To do this allocation we are going to need an equivalency file relating the 2000 census tracts to 2010 census tracts. Since we are going to be allocating ACS data for 2005-2009, we would like to have allocation factors based on the population of the intersections in the latter part of that time period. That would be ideal. The only problem is that we really do not have any publicly available data at small enough geographic units to create an equivalency file based on, say, 2007 estimates. But a list based on 2000 population counts would be pretty good, if not ideal. It turns out that is what we do have, and that is what we shall use. Can we get such a list using MABLE/Geocorr? The answer is "no" — geocorr unfortunately does not provide small-area links across time. So we need to look for another source.
As you would expect, the Census Bureau does provide tools for linking 2000 census blocks to 2010 blocks. They are called block relationship files — see the Bureau's Relationship Files web page. They even have tract relationship files, but we only processed the block relationship files. We were then able to easily create tract-to-tract equivalencies from the block-to-block data. We stored these data in the blkrel10 data directory of our public data archive. To get a true block2k to block10 population-based equivalency file, we would need to know how many people lived in each block intersection. We do not have that, but what we do have is the size of the spatial intersection of these blocks. We then disaggregated the 2000 population of the 2000 blocks to 2010 blocks based on the spatial measure. If 2000 block A had 50% of its area within 2010 block B, then we estimated the population of that intersection to be .500 of the 2000 population. While that is not a particularly reliable assumption, keep in mind that most uses of the derived equivalency files will be for much larger areas, where the entire 2000 block is contained within the target area, so that the block allocation factors do not matter. For people who read SAS code and want to get down to the nitty gritty, you can see the code we used to process these block relationship files in the Tools subdirectory of the blkrel10 data directory, file blkrel2010.sas. (Feel free to jump to the next paragraph to avoid all the SAS code that follows here.
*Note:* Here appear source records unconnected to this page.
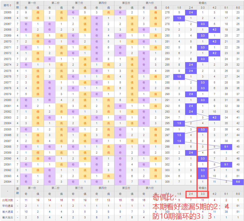 上期奇偶比:6:0,近10期奇偶比出现情况:3:3、1:5、1:5、5:1、2:4、3:3、5:1、3:3、3:3、6:0,最近10期出现5期3:3,出现0期4:2,出现1期2:4,出现2期5:1,出现2期1:5,出现1期6:0,出现0期0:6,根据近10期规律本期看好遗漏5期的2:4,防10期循环的3:3,综上所述推荐奇偶比推荐:3:3,重点关注:2:4。
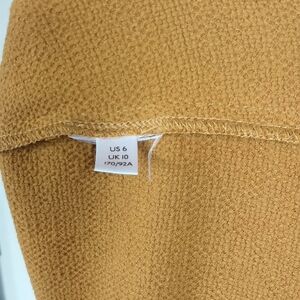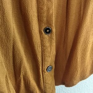 Anthropologie Maeve size 6 sleeveless mustard top with crossover cut at the top and buttons up the back. Perfect for any occasion, it offers a chic and comfortable fit. Perfect burnt yellow / orange color for the fall. Textured fabric.
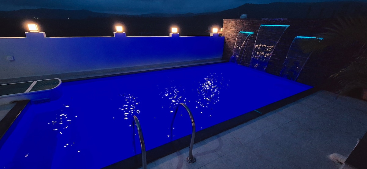 Bem-vindo à Navya Villa, que oferece uma vista de 360* para a montanha. A nossa moradia é um refúgio perfeito para quem procura ficar perto dos limites da cidade, mas longe da agitação da população e do caos, aninhada entre as majestosas montanhas. Nade e desfrute da nossa piscina privada ou vá para o terraço ou para o jardim e mergulhe nas vistas panorâmicas deslumbrantes que se estendem até onde os olhos podem ver, criando um espetáculo hipnotizante.
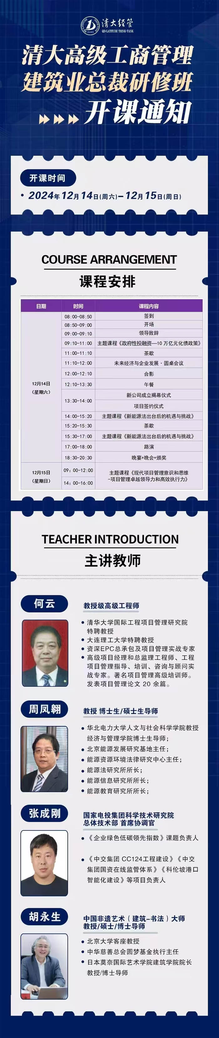 12月15日由清华大学国际工程项目管理研究院特聘教授何云,结合38年工程项目管理实践经验,以案例教学为主。开阔思路,提高学员现代项目管理意识和思维,掌握项目管理高效执行力的核心,改善领导层面管理水平及能力。

It is useful to understand how this works but not necessary if you trust us.) In this program, we create a set of state-based block-to-block relationship files and then a set of corresponding tract-to-tract files. Here is some of the code used:
*---create a block 2k to block 2010 correlation list (equivalency file)----;
%corrwt(setin=blkrel10.&stab.blks,geocds1=state2k cnty2k tract2k blk2k, geocds2=state cnty tract blk, wtvar=Pop2kInt, keepwt=1, afacts=1, exitout=xcode, setout=blkrel10.&stab.bl2k_bl10);
*---create a tract2k to tract10 correlation list (equivalency file)----;
%corrwt(setin=blkrel10.&stab.blks,geocds1=state2k cnty2k tract2k, geocds2=state cnty tract, wtvar=Pop2kInt, keepwt=1, afacts=1, exitout=xcode, setout=blkrel10.&stab.tr2k_tr10);
The corrwt macro does most of the work here. (View the source here.) This is the macro that the geocorr web modules invoke to do the heart of the geography processing. The geocds1 parm specifies the source geocodes, while geocds2 is the target list. The appearance of &stab. in the setin/setout parameters tells you that this code processes data for a specific state whose postal abbreviation is stored in global macro variable stab. We have a utility macro called %dostates that we use to invoke a state-based processing macro to repeat that code for either all or selected states in the US.
In this "real-world" application, things are a bit messier. For example, we do not have just 10 numeric variables to aggregate. We have hundreds of variables. Almost half of these are percentages (if there is a variable called Age0_4 you can just about bet on there being a variable called PctAge0_4). There are also variables that contain margin of error values (MOEs). We opt to not process these variables, but we need to get a list of them so we can specify that they be dropped. We could do it without using special tools to help, but that would be not only very tedious and time consuming but could also affect the reliability of the results.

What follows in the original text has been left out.